Короткими экономными шагами человек двинулся по проходу, внимательно всматриваясь в лица пассажиров. Кто-то не обратил на него внимания, поглощенный содержимым экрана ноутбука или карманной электронной игрой. Кто-то неприязненно заёрзал, намекая, что не стоит подсаживаться к нему в соседи. Клошарам не место в первом классе!
Человек выбрал место напротив иностранцев, супружеской пары — полноватого лысеющего итальянца и его жены, значительно более молодой, остроскулой и грациозной. Держа спину прямо, человек медленно и осторожно опустился в кресло, после чего сдержанно улыбнулся и кивнул итальянцу поверх вчерашней «Corriere della Sera». Два вежливых кивка в ответ.

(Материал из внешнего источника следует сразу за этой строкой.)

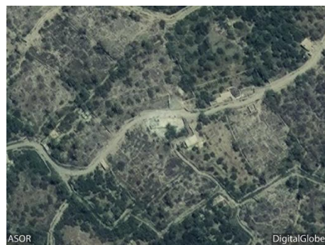
Visible damage (DigitalGlobe; June 26, 2015)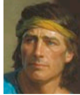
Mormon Go left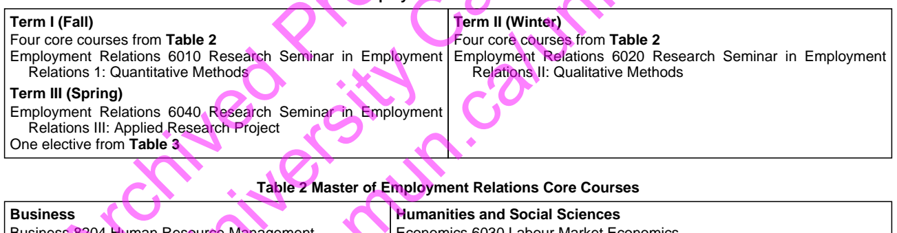
Table 1 Master of Employment Relations Schedule of Courses

The schedule of courses for the M.E.R. program is normally as follows: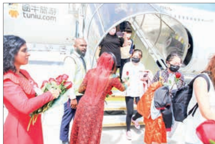
Arriving Chinese tourists are welcomed at the Velana International Airport in the Maldives on 18 January 2023.

Maldives, the return of Chinese tourists will help economic recovery of the Maldives following the pandemic, and is also conducive to promoting cultural and people-to-people exchanges and enhancing bilateral ties, Wang said at the welcoming ceremony. Wang said the Chinese embassy welcomes Chinese tourists to the Maldives, hoping that they will come happily, have fun and return safely. Mausoom told Xinhua at the ceremony that the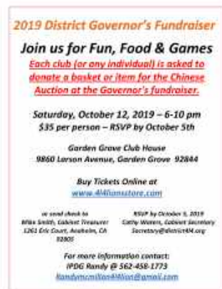
Governor's Fundraiser Click here for flyer

Человек долго возился с пальто: тугая пуговица на груди никак не хотела покидать петлю, выскальзывая между пальцами. Наконец, ему всё-таки удалось расстегнуть её. Из внутреннего кармана появился небольшой блокнот. За ним — шариковая ручка с треснувшим колпачком. Женщина бросила на попутчика короткий отрешённый взгляд, затем её внимание вновь погрузилось в сердцевину толстого романа в мягкой тиснёной обложке.

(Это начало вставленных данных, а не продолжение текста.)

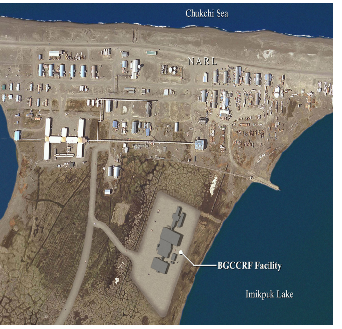
The program provides for a building complex of 88,930 gross square feet (gsf). The design and construction was planned as five phases as described below. Phase II through V have been delayed as a result of funding considerations.

The BGCCRF is located south of the Ukpeagvik Inupiat Corporation (UIC)-Naval Arctic Research Laboratory (NARL) facilities on the shore of Imikpuk Lake, approximately 200 meters from the Arctic Ocean.

Человек как будто из последних сил закинул одну ногу на другую, разместил блокнот на колене, открыл чистую страницу. Несколько прикосновений острым кончиком стержня — и вот уже ручка заплясала в пальцах, оставляя на нелинованном листе точные тонкие линии.
Не прошло даже десяти минут, а из пустоты стало проступать изображение, как на листе фотобумаги, утонувшем на дне кюветы с проявителем: изысканный полупрофиль, томные длинные ресницы, контур плеча, намёк на ключицу под лёгким свитером, ниспадающие каскады сложной причёски. Рисунок был выполнен куда профессиональнее доброй половины монмартрской мазни и приукрашивал действительность почти незаметно, не сползая в грубую лесть.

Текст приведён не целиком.